1-(4-Nitrobenzyl)-4-phenyl-1H-1,2,3-triazole (3g)^39b. White solid; Mp = 114–116 °C; R_f = 0.25 (30% ethylacetate : n-hexane); ¹H NMR (400 MHz, CDCl₃): δ_H 8.26–8.23 (m, 2H), 7.82 (d, J = 6.8, 2H), 7.75 (s, 1H), 7.46–7.40 (m. 4H), 7.36–7.32 (m, 1H), 5.70 (s, 2H). ¹³C NMR (100 MHz, CDCl₃): δc 148.1, 141.7, 130.1, 128.9, 128.6, 128.5, 125.8, 124.4, 119.7, 53.2.

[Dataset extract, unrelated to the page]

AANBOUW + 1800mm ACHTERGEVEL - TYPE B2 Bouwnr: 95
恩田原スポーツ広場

1-(4-Methoxybenzyl)-4-phenyl-1H-1,2,3-triazole (3h)^39c. White solid; Mp = 128–130 °C; R_f = 0.45 (30% ethylacetate : n-hexane); ¹H NMR (400 MHz, CDCl₃): δ_H 7.78 (d, J = 7.2 Hz, 2H), 7.62 (s, 1H), 7.39 (t, J = 7.6 Hz, 2H), 7.32–7.25 (m, 3H), 6.90 (d, J = 8.8, 2H), 5.49 (s, 2H), 3.80 (s, 3H); ¹³C NMR (100 MHz, CDCl₃): δc 159.9, 148.1, 130.6, 129.7, 128.8, 128.1, 126.7, 125.7, 119.3, 114.5, 55.4, 53.8.

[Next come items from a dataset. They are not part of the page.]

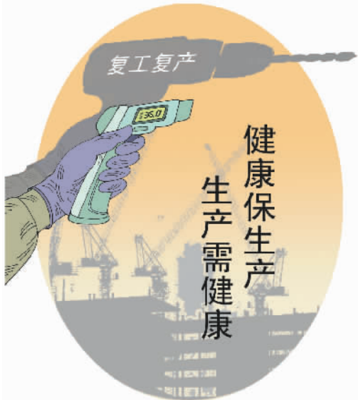
健康保生产 生产需健康
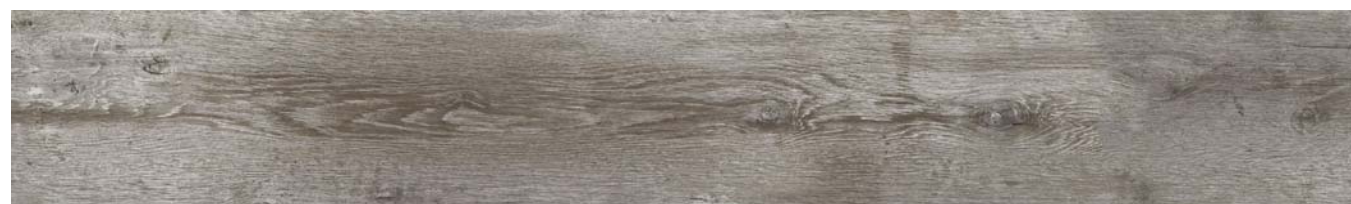
LUDO OAK 4106

Kích thước: 18x122x0.4 cm - Bề mặt: Matt
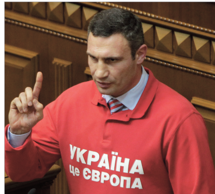
გაზრძალაბა მე-8 გვერდზე

კიევის ევრომაიდანზე მიმდინარე საპროტესტო აქციებმა ოპოზიციის ერთ-ერთი ლიდერის, კრივის მსოფლიო საბჭოს (WBC) მდიმწუნოსანი ჩემპიონის, ვიტალი კლიჩკოს შემდგომ სპორტულ კარიერაზეც იქონია გავლენა. უკრაინელმა მდიმწუნოსანმა, რომელიც რინგს მიღმა ასევე მდიმწუნოსან ლიდერად მოეწვინა უკრაინის ხელისუფლებას, სპორტული კარიერის დასრულება გადაწყვიტა.

1-(4-Chlorobenzyl)-4-phenyl-1H-1,2,3-triazole (3i)^39d. White solid; Mp = 132–134 °C; R_f = 0.5 (30% ethylacetate : n-hexane); ¹H NMR (400 MHz, CDCl₃): δ_H 7.80 (d, J = 7.2 Hz, 2H), 7.67 (s, 1H), 7.42–7.30 (m, 5H), 7.24 (d, J = 8.4 Hz, 2H), 5.54 (s, 2H); ¹³C NMR (100 MHz, CDCl₃): δc 134.9, 133.2, 130.5, 129.5, 129.4, 129.0, 128.9, 128.3, 125.7, 119.5, 53.5.

1-Benzyl-4,5-diphenyl-1H-1,2,3-triazole (3j)^39e. White solid; Mp = 82–86 °C; R_f = 0.5 (30% ethylacetate : n-hexane); ¹H NMR (400 MHz, CDCl₃): δ_H 7.55 (d, J = 6.8 Hz, 2H), 7.46 (d, J = 6.8 Hz, 1H), 7.41 (t, J = 7.6 Hz, 2H), 7.25–7.22 (m, 6H), 7.14 (d, J = 7.2 Hz, 2H), 7.03–7.01 (m, 2H), 5.40 (s, 2H); ¹³C NMR (100 MHz, CDCl₃): δc 144.6, 139.4, 135.5, 133.9, 131.0, 130.2, 129.8, 129.3, 128.8, 128.5, 128.2, 127.9, 127.6, 126.8, 52.1.

4-Phenyl-1-(thiophen-2-ylmethyl)-1H-1,2,3-triazole (3k)^39f. White solid; Mp = 104–106 °C; R_f = 0.38 (20% ethylacetate : n-hexane); ¹H NMR (400 MHz, CDCl₃): δ_H 7.71 (d, J = 7.2 Hz, 2H), 7.64 (s, 1H), 7.33–7.29 (m, 2H), 7.25–7.22 (m, 2H), 7.05–7.04 (m, 1H), 6.93–6.91 (m, 1H), 5.64 (s, 2H); ¹³C NMR (100 MHz, CDCl₃): δc 147.2, 135.1, 129.5, 127.8, 127.2, 127.1, 126.3, 126.1, 124.7, 118.2, 47.5.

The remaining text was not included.